(Beginning of Exercise input)

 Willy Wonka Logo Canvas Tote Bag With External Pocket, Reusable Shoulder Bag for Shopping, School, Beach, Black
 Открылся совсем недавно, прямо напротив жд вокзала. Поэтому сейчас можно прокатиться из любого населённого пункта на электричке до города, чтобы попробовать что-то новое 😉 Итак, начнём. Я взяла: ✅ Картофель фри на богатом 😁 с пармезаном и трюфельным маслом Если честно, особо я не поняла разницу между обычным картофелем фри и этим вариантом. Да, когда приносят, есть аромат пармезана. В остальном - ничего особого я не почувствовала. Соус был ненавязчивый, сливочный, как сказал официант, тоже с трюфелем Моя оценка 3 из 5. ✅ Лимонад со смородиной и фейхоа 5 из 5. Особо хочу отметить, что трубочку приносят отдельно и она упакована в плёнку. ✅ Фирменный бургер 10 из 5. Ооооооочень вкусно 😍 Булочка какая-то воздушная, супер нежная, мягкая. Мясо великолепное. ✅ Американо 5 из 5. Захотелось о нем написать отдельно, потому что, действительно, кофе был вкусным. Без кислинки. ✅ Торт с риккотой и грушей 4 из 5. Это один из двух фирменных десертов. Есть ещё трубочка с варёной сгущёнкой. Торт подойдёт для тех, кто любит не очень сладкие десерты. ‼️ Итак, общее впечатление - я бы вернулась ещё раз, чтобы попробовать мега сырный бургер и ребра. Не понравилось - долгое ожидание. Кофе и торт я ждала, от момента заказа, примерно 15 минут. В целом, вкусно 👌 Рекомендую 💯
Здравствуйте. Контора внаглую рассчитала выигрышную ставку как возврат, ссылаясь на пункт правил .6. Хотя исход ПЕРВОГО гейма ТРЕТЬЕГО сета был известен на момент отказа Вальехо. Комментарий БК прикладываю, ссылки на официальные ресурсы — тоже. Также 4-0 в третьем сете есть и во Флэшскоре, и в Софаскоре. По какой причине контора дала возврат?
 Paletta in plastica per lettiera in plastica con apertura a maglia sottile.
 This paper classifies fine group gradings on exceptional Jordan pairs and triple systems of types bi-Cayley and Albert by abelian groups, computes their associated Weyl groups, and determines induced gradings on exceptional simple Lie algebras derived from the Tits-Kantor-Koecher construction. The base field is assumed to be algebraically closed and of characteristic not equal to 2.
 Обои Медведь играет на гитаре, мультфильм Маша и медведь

(End of Exercise input)
(Beginning of Exercise input)

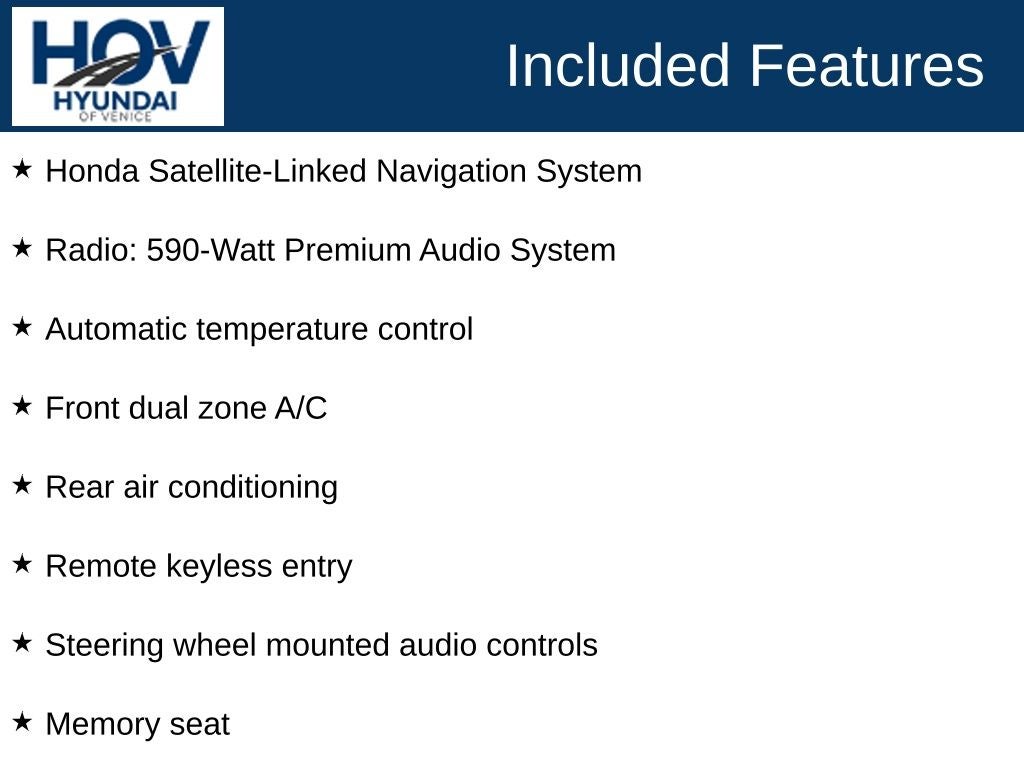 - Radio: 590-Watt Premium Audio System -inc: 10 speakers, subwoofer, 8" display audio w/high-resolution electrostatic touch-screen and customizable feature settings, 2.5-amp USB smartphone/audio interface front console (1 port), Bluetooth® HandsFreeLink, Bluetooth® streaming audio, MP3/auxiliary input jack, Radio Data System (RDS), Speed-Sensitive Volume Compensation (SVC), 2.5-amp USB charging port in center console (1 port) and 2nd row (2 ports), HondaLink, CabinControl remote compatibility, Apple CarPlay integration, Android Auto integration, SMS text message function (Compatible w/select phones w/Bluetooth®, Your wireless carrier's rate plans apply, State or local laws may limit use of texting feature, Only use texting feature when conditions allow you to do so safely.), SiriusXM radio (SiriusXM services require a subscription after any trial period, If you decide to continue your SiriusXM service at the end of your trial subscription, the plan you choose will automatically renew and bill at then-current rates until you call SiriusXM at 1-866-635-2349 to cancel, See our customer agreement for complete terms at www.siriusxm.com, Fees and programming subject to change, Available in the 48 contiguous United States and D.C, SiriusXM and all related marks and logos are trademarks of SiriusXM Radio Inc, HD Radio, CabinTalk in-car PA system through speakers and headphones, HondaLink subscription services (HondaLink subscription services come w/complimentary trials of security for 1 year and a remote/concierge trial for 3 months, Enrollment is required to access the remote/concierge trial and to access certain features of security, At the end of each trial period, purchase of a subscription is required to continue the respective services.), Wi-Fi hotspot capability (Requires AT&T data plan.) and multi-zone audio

(End of Exercise input)

## Task requirements
To answer, state the number of lines in the records holding the string "есть", and leave out everything else.

## Final answer
2